Prognosis regarding shunt revision and mortality among hydrocephalus patients below the age of 2 years and the association to patient-related risk factors.

Acta Neurochir (Wien) 2020 10 26;162(10):2475-2485. Epub 2020 Mar 26.

Department of Epidemiology Research, Statens Serum Institut, Copenhagen, Denmark.

Background: Little is known about the prognosis regarding shunt revision and mortality among hydrocephalus patients below 2 years of age. The aims of this study were to investigate (1) the cumulative risks of shunt revision (SR) and mortality and (2) the potential associations between prematurity, low weight for gestational age (LWGA), underlying aetiology, sex, age of the child at shunt placement, and the risk of SR.

Method: This was a purely register-based cohort study including all shunted hydrocephalic infants in Denmark 1996-2015. The cumulative risks of SR and mortality were estimated using the Aalen-Johansen and Kaplan-Meier estimators, respectively. A multivariable Cox-regression model was used to estimate hazard ratios (HRs) for SR according to the listed patient-related risk factors.

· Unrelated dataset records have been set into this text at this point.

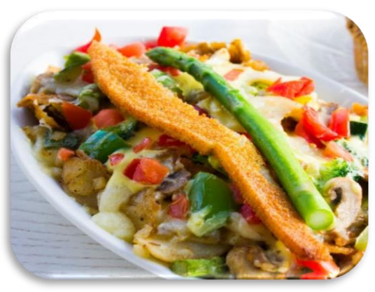
Garden City Casserole
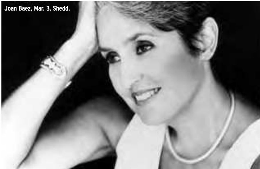
Joan Baez, Mar. 3, Shedd.
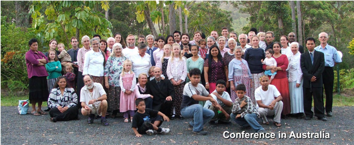
Conference in Australia
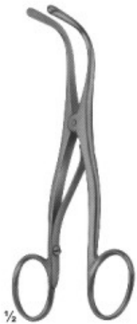
13-118 TROUSSEAU 120 mm
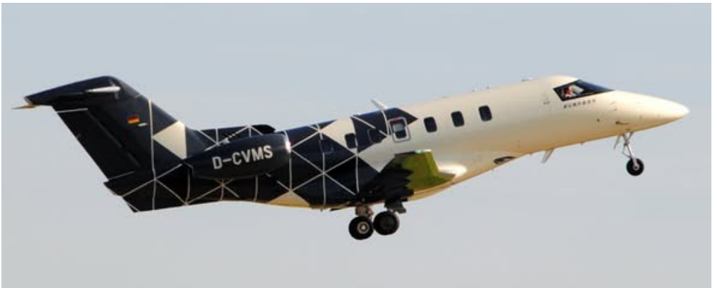
D-CVMS PC-24 Platoon Aviation 30/09 Dave Wooler

Global 6500 C-GZLM dep 0856, Pilatus PC-24 D-CVMS arr 0905 dep 1044, Cirrus Sr22 N842VV arr 0914 dep 1758, Cirrus SR22 G-TAAB arr 0918 dep 1719 ret at 1744 n/stop, Cirrus Sr22 G-OMTM arr 1038 n/top, phenom D-CRUX arr 1106 n/stop, Diamond DA62 G-JAAM arr 1451 dep 1545, Phenom D-CAAG arr 1646 n/stop, Ce 525A D-ISJP arr 1702 n/stop, Challenger CL605 9H-VFL arr 1939 n/stop.
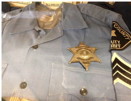
Late 1960s Summer Uniform

Results: Among 374 shunted infantile hydrocephalus patients accounting for 1047 SRs, the 3-month and 1-year cumulative risks of SR were 36% and 50%, respectively. The overall 10-year cumulative mortality was 12%, and for non-tumour subgroups 7-16% (isolated hydrocephalus 7%). The 10-year cumulative mortality for children born with LWGA was 21%. Except for aetiology, we observed no strong overall associations between the investigated risk factors and the risk of SR but interaction analyses for aetiology showed that patients with Dandy-Walker malformation born with LWGA had a higher risk of SR compared to patients of similar aetiology with normal WGA (HR 2.47, 95% CI: 1.39-4.40).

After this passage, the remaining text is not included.